Will we see an oil company go bankrupt? “Yes, it’s inevitable – if the changes we’re seeing in the market are anything to go by,” said Sam Kimmins of The Climate Group, at the Financial Times’ Energy Transition Strategies Summit in London.
“Despite ongoing fossil fuel subsidies we’ve seen the cost of renewables continue to fall, making them an increasingly affordable option for business,” said Kimmins, who heads up The Climate Group and CDP’s RE100 initiative for leading companies that have committed to 100% renewable power.
Kimmins was speaking on the panel ‘The industry plays long and short’, moderated by Andrew Ward, Energy Editor, Financial Times, alongside fellow panellists Trevor Sikorski, Head of Natural Gas and Carbon Research, Energy Aspects; Kingsmill Bond, New Energy Strategist, TS Lombard; and Alexander Voight, Founder and CEO, Lumenion Energy and GRIPS.
The discussion addressed the likelihood of scenarios such as reaching ‘zero carbon’ by 2050 – in an audience vote, two thirds felt this was unlikely, despite the pressing need to address climate change.
While 89% of audience felt it was unlikely that oil prices would return to $100 a barrel, the panel was open to the possibility.
There was a 50/50 split on whether emerging markets would leapfrog to renewables, but Kimmins was optimistic: “RE100 members like Apple, H&M, Tesco and Walmart are pushing renewables into their supply chains, helping to accelerate the growth of renewables markets.”
Image credit: FT Live
The energy transition: How far, how fast?

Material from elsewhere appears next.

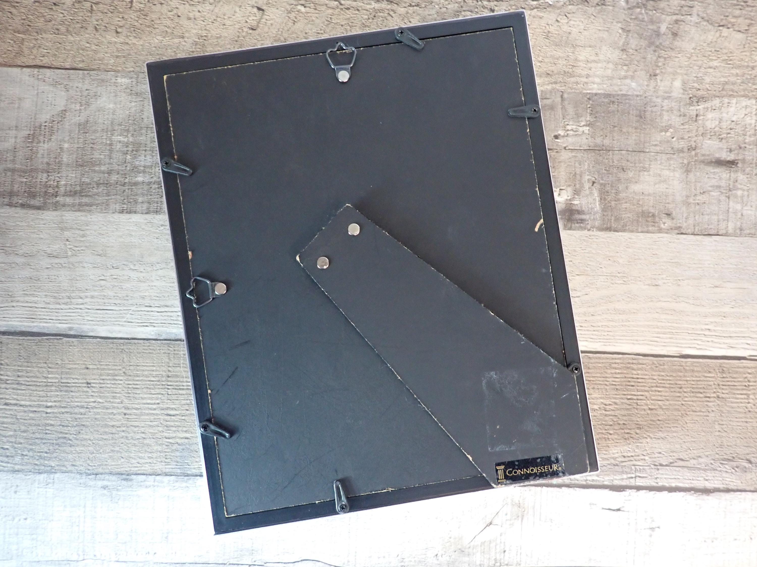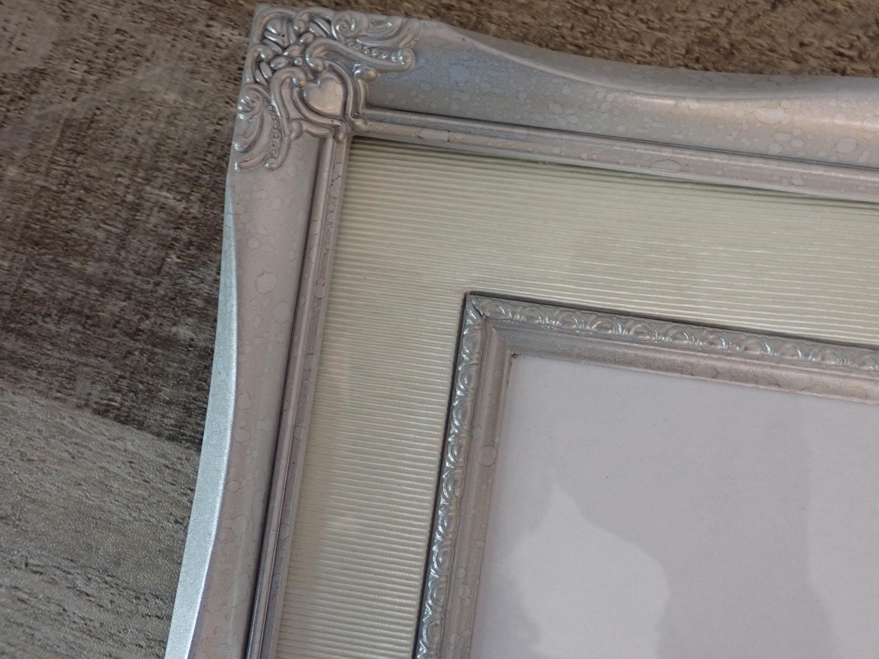 This silver photo frame is 11" tall by 9" wide and can hold one 5x7 or 8x10 photo vertically or horizontally. The frame is a silver plastic material and has a scroll and heart design on the corners. The frame has a 5x7 mat that fits inside the frame, and has clear glass insert over the photo opening, and a cardboard backing piece with a photo stand. The frame is in very good condition, however there are some light scratches here and there.

Earlier in the day, there was a panel about the speed of the energy transition away from fossil fuels, including James Basden, Partner and Global Head of Utilities, Oliver Wyman; Lord Adair Turner, Chairman, Institute for New Economic Thinking and Chair of the Energy Transitions Commission; Spencer Dale, Group Chief Economist, BP; and Juliet Davenport, Founder and CEO, Good Energy. It was moderated by Ed Crooks, US Industry and Energy Editor, Financial Times.
The timely discussion came as IRENA published a new report showing renewable energy already employs 9.8 million people worldwide, up from 7.1 million in 2012 – and with twice as many US jobs in solar compared to coal.
“In 2015 more money was invested in renewables than fossil fuels for the first time,” said Basden, in a keynote speech.
“There has been a fast transition, but we need to go faster still if we’re to deliver on our COP21 commitments,” he continued, highlighting the role of emerging battery technologies and electric vehicles.
“Consistent market signals are important so that investors can see the demand is there.”
Lord Turner said he was embarrassed that the UK’s Committee on Climate Change had failed to predict such a substantial fall in the cost of wind power, and hoped he would not feel the same 10 years from now.
He said he believed power grids could be run almost entirely on renewables alongside battery storage and small gas turbines, but that it would be harder for heavy industry and aviation to switch to renewables and that other sectors would have to go further.
Dale highlighted energy forecasts predicting increasing demand for energy until 2030, especially from developing countries.
Davenport spoke of the power of consumers in driving positive change. “This transition will not play by the rules,” she said, highlighting the demand for renewable power being created by companies like The LEGO Group, which joined RE100 last week.
Image credit: FT Live
There was a further discussion on whether it was possible to have an energy system based entirely on renewable sources – something business leaders called for at COP22 in November.
There was also a session on whether you can make money in renewables – during which keynote speaker Nancy Pfund, Founder and Managing Partner, DBL Partners, showed the logos of companies that have joined the RE100 campaign. “To make money in renewables you have to create companies that innovate and delight;” she said, “Tesla is the best example.”
Throughout the day, speakers referred to the role of policy makers in driving forward the transition to renewable power.
“Electric vehicles are coming of age, in part driven by Chinese policy,” said James Basden. But he underlined that policy support globally was “nowhere near” strong enough currently to limit global warming to 2°C, let alone 1°C.
Lord Turner criticised the UK government on failing to publish its Clean Growth Plan on time, also highlighting that a greater emphasis was needed on carbon pricing.
Johannes Teyssen, CEO, E.ON said the energy transition was being driven not by German politics but by technology and customer demand – he said policy should be the enabler.
The soundbite of the day came from Kingsmill Bond. “Everyone thinks the most important green energy figure is Elon Musk. It isn’t. It’s Piyush Goyal,” he said, referring to India’s power minister.